The most interesting AI companies may not even look like typical AI companies

One thing the market still tends to underestimate is how broad the AI opportunity actually is. While most attention naturally goes toward frontier models and AI-native software, some of the most interesting startups emerging across Europe are solving far more practical problems: reducing energy consumption in industrial environments, optimising logistics processes, improving factory efficiency or bringing intelligence into sectors that historically lacked advanced software layers.

Many of these businesses will never look like “classic AI B2B SaaS startups.” Some may even appear almost boring at first glance. There is no flashy demo, viral consumer product or futuristic branding straight out of a sci-fi movie. But that may become their biggest advantage.

While capital continues to rush into increasingly crowded AI categories, many industrial and infrastructure founders are still building in markets with far less competition and much stronger long-term tailwinds.

And in venture capital, those asymmetries matter. Some of the most compelling opportunities tend to emerge precisely where attention has not fully arrived yet. At Montis VC, this is exactly where we see some of the most exciting companies emerging across Europe and CEE.

Europe is rediscovering the value of “hard things”

There is another shift happening beneath the surface of the market. Europe is slowly rediscovering the value of building hard things. For years, building in energy, industrial systems or infrastructure often felt deeply unfashionable inside startup ecosystems. These sectors were slower, more regulated and operationally difficult, which naturally pushed many founders toward easier software categories.

But the macro environment has changed dramatically. REPowerEU, industrial policy shifts, energy security concerns and AI-driven infrastructure demand are all pushing Europe in the same direction: rebuilding physical capability.

At the same time, Europe’s AI ecosystem itself is becoming far more ambitious. According to Crunchbase, AI-related startups now account for roughly half of all European venture funding in 2026 so far, while the region has already produced several new frontier AI labs that collectively raised billions of dollars over the last quarters.

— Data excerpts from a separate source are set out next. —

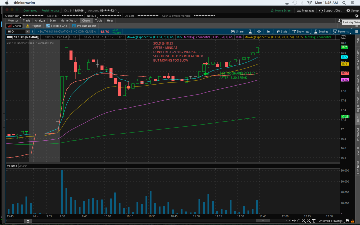 $HIIQ trade, 10M float, no news. 20c/share win. Midday trade, slow mover, sold too soon as it broke high of day. Missed an extra 45c/share! Posted Oct 09, 17 11:48 AMbyPandabearTickers HIIQViews 219 / 1Received 1 KarmaMarcop Oct 09, 17 2:43 PMThey got sued todayPandabear Oct 09, 17 8:14 PM@Marcop Yep, but don't think that affects the share price. They've had ongoing lawsuits for while. It was more of a chart play. Join now or log in to leave a comment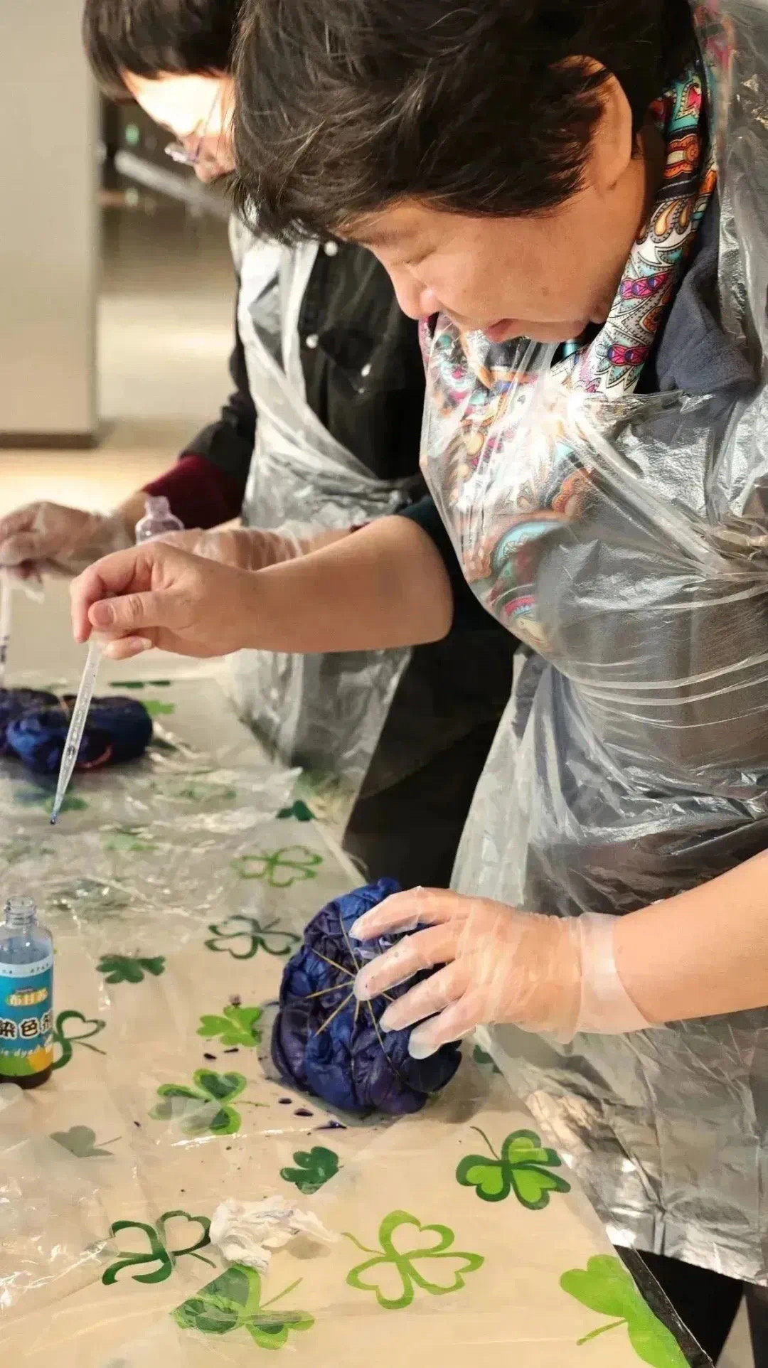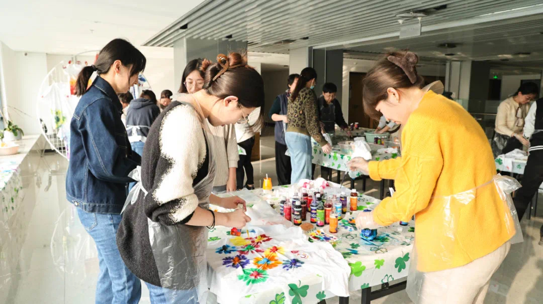 大楼二层大厅成功举办扎染体验活动。几十位教职工欢聚一堂,在活动中感受扎染非遗文化的美学魅力,用丰富多彩的扎染作品为啪啪啦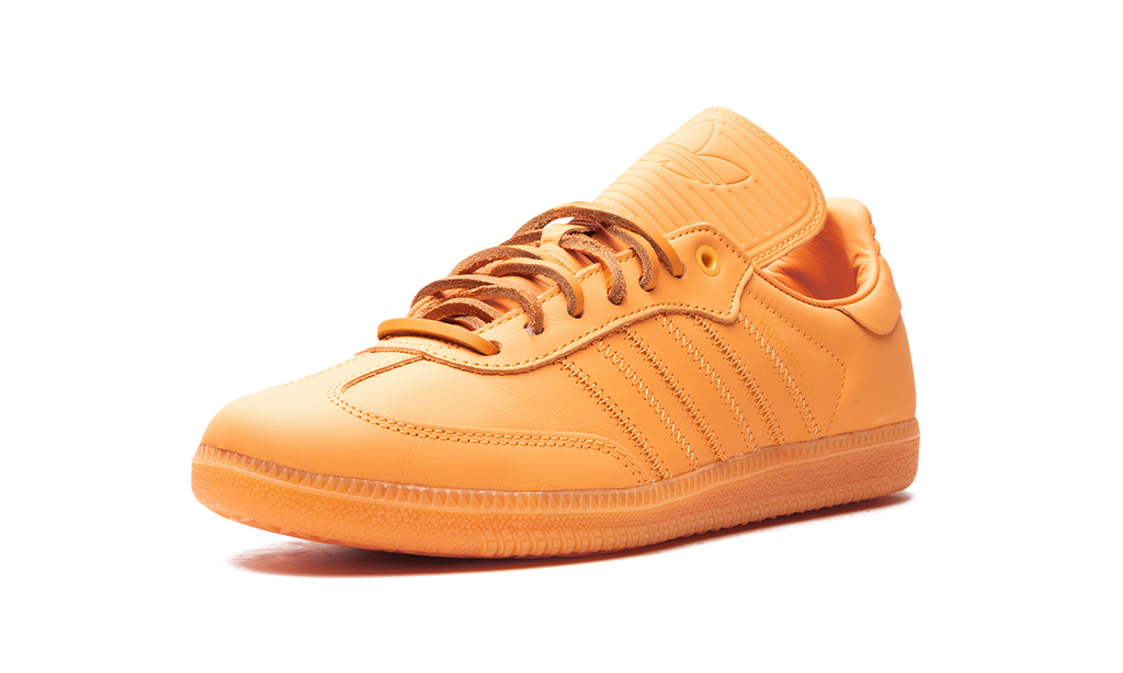 The Humanrace x adidas Samba “Orange” is a collaboration by Pharrell Williams’s lifestyle brand and adidas on a monochromatic orange colorway of the old school soccer shoe. From a greater collection of Sambas designed in a rainbow of monochromatic colorways, the “Orange” is complete with an orange leather upper that features tonal leather overlays and Three Stripes branding. A “Humanrace” logo is found on the side. An elongated tongue gives the Samba by Humanrace a vintage soccer shoe aesthetic. Brown leather laces contrast the design. The shoe is mounted on an orange rubber sole. Release date: May 6, 2023

And that momentum only reinforces one underlying reality – the more AI grows, the more pressure it places on energy systems, compute infrastructure, industrial capacity and supply chains. Suddenly, resilience is no longer just a political buzzword. It is becoming an investment category in its own right. That creates a rare moment for founders willing to build in sectors where complexity is highest and competition often remains surprisingly low. The irony is that many of these industries now offer exactly what investors claim to want most: defensibility, real barriers to entry, embedded technologies and long-term structural demand. In other words, the future may belong not only to companies building intelligence, but also to those building everything intelligence relies on.

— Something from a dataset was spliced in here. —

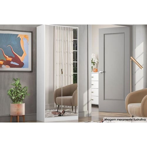 Armário Sapateira Quarto Grife c/ 2 Portas c/ Espelho e 1 Gaveta Branco - Demóbile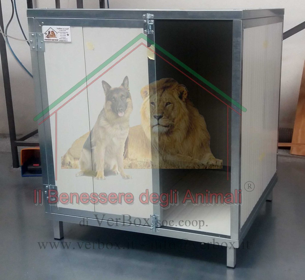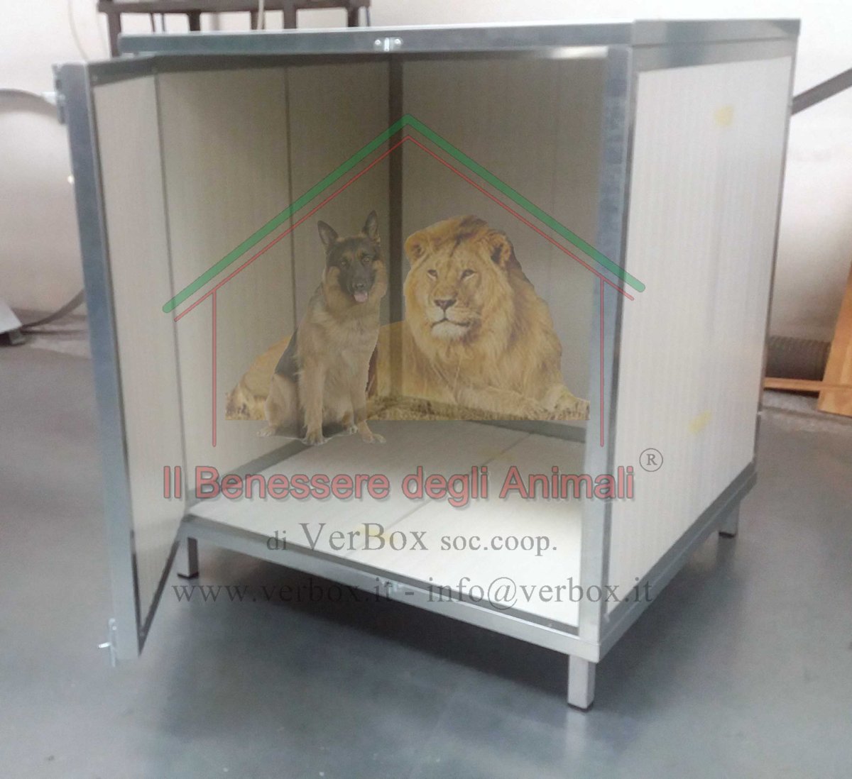 Cucce coibentate con varco, il modello più economico fra le cucce Verbox, ideali per spazi interni a box o per zone coperte, essendo il tetto a filo e privo di spiovenza.

The next decade will reward conviction

The current market environment is forcing investors to make a choice. They can continue chasing increasingly crowded categories simply because everyone else is doing it, or they can look slightly deeper at the infrastructure layer sitting underneath the hype cycle and ask where long-term value will actually be created.

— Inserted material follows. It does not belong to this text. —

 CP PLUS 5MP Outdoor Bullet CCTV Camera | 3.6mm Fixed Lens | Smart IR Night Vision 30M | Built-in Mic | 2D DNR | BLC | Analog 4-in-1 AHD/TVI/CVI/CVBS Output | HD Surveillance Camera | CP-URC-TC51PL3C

We believe the second path will matter far more over the next decade. Because eventually every AI boom collides with physical reality. Energy limits start to matter, infrastructure bottlenecks appear, industrial inefficiencies become visible and supply chain constraints suddenly turn into strategic problems. When that happens, the companies solving those challenges may not generate the loudest headlines or the most viral demos, but they could become some of the most important businesses of the next generation.

Europe may be in a uniquely strong position to build them.